Exercise prompt - An exact transcription of all the data is required, with every image removed.

:: Data below

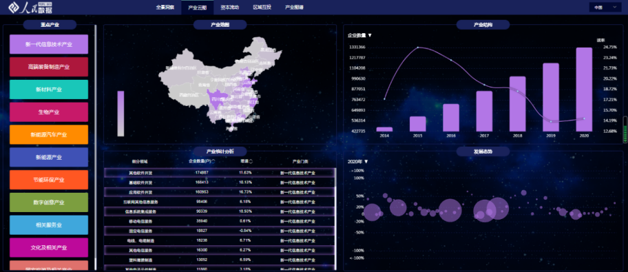 人民数据——面向特定行业工业互联网的数据资产管理系统采购系统,基于国家工业互联网大数据中心,明确产业链上中下游各环节,详细梳理产业与国标行业类别的对应关系,实现对产业发展的全面剖析。
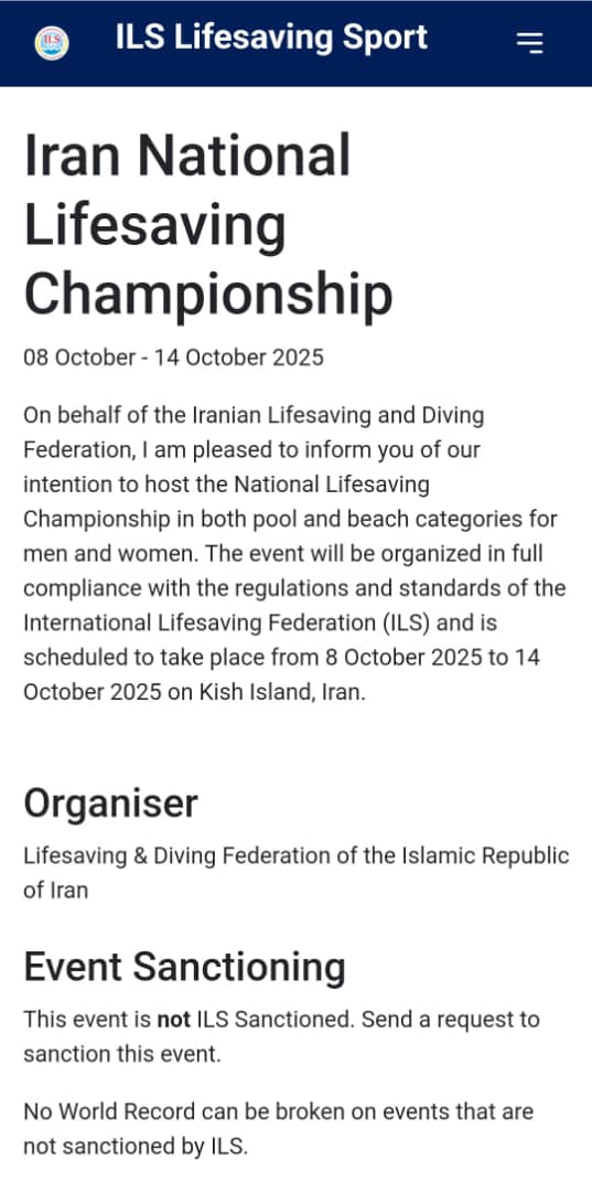 مسابقات نجاتغریق قهرمانی کشور ۱۴۰۴ ایران در تقویم فدراسیون جهانی نجاتغریق (ILS) ثبت شد.
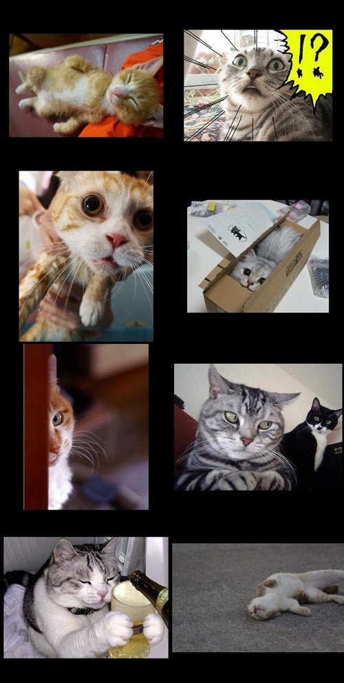 공개된 사진에는 다양한 고양이들의 모습을 직장인의 하루에 빗대 표현했다.
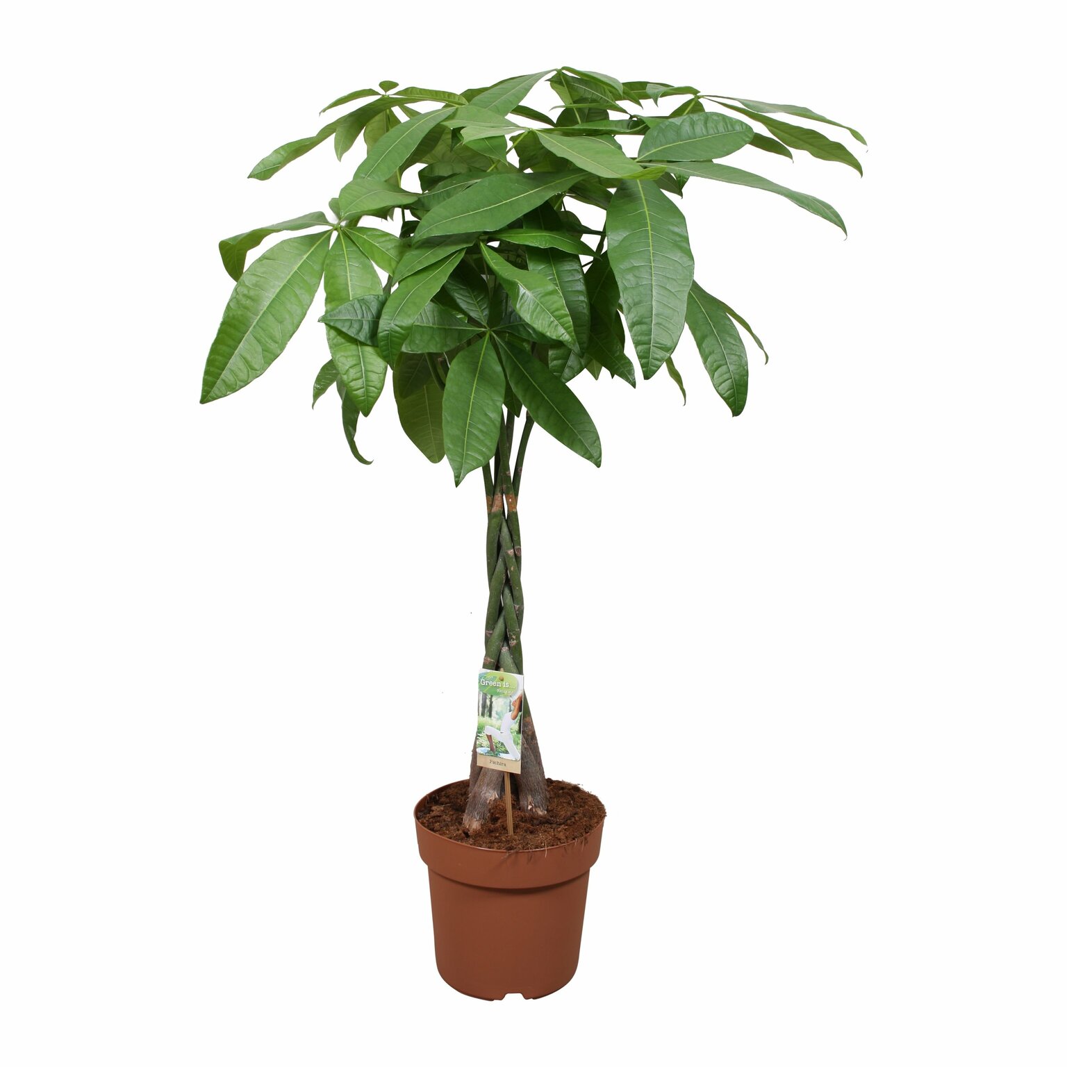 Pachira Aquatica, Watercacao of Geldboom heeft een gevlochten stam. In het Verre Oosten bestaat de overtuiging dat de bladeren van deze kamerplant geld kunnen vangen, vandaar de bijnaam: Money Tree. Een ideaal cadeau voor house warmings en verjaardagen. De Pachira kom oorspronkelijk uit de moerassen in Midden- en Zuid-Amerika.

::::

Response below -
 人民数据——面向特定行业工业互联网的数据资产管理系统采购系统,基于国家工业互联网大数据中心,明确产业链上中下游各环节,详细梳理产业与国标行业类别的对应关系,实现对产业发展的全面剖析。
 مسابقات نجاتغریق قهرمانی کشور ۱۴۰۴ ایران در تقویم فدراسیون جهانی نجاتغریق (ILS) ثبت شد.
 공개된 사진에는 다양한 고양이들의 모습을 직장인의 하루에 빗대 표현했다.
 Pachira Aquatica, Watercacao of Geldboom heeft een gevlochten stam. In het Verre Oosten bestaat de overtuiging dat de bladeren van deze kamerplant geld kunnen vangen, vandaar de bijnaam: Money Tree. Een ideaal cadeau voor house warmings en verjaardagen. De Pachira kom oorspronkelijk uit de moerassen in Midden- en Zuid-Amerika.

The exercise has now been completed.